Try it: Quote the lines below from the one containing "Binnenin. Tweekamer-diep molenaarshuis, met" to the final line, both ends included; exclude the pictures.

Input data:
=====

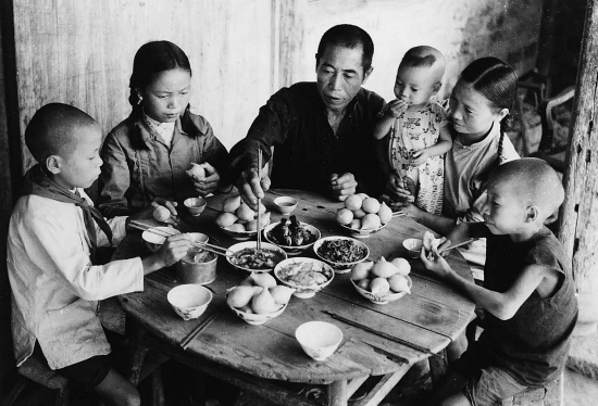 徐永輝向我們展示的厚厚資料照片,第一張就是1950年第一次拿起相機(jī)拍攝的照片。當(dāng)時(shí),第一次下鄉(xiāng)的徐永輝,循著“解放區(qū)的天是睛朗的天”的歌聲,找到了嘉興農(nóng)民葉根土的家,為他們?nèi)遗南铝艘粡堃律酪h褸的全家福。從這一天起,他就開始了對(duì)葉根土一家堅(jiān)持不懈的追蹤拍攝。3年后,葉家大女兒結(jié)婚,特地請(qǐng)徐永輝當(dāng)嘉賓,徐永輝送上的賀禮是新舊兩張“全家福”,被根土作為傳家寶贈(zèng)給女兒當(dāng)“嫁妝”。
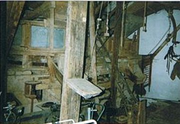 Binnenin. Tweekamer-diep molenaarshuis, met behouden indeling en dragende structuur. Oude samengestelde balklaag nog aanwezig, maar met ander materiaal bekleed. Interieuraankleding jonger. De watergevel van het molengebouw werd in 1990 bezet met een roodgeschilderde beplanking waarin twee bovenvensters uitgespaard zijn. De onderbouw van de watergevel in massieve natuursteenblokken is evenwel nog duidelijk zichtbaar.
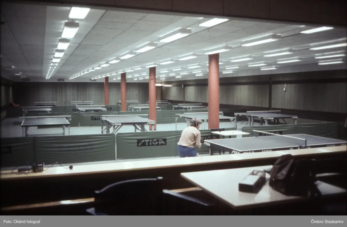 Träningslokal för bordtennis i idrottshuset, 1970-tal

=====

Task solution:
 Binnenin. Tweekamer-diep molenaarshuis, met behouden indeling en dragende structuur. Oude samengestelde balklaag nog aanwezig, maar met ander materiaal bekleed. Interieuraankleding jonger. De watergevel van het molengebouw werd in 1990 bezet met een roodgeschilderde beplanking waarin twee bovenvensters uitgespaard zijn. De onderbouw van de watergevel in massieve natuursteenblokken is evenwel nog duidelijk zichtbaar.
 Träningslokal för bordtennis i idrottshuset, 1970-tal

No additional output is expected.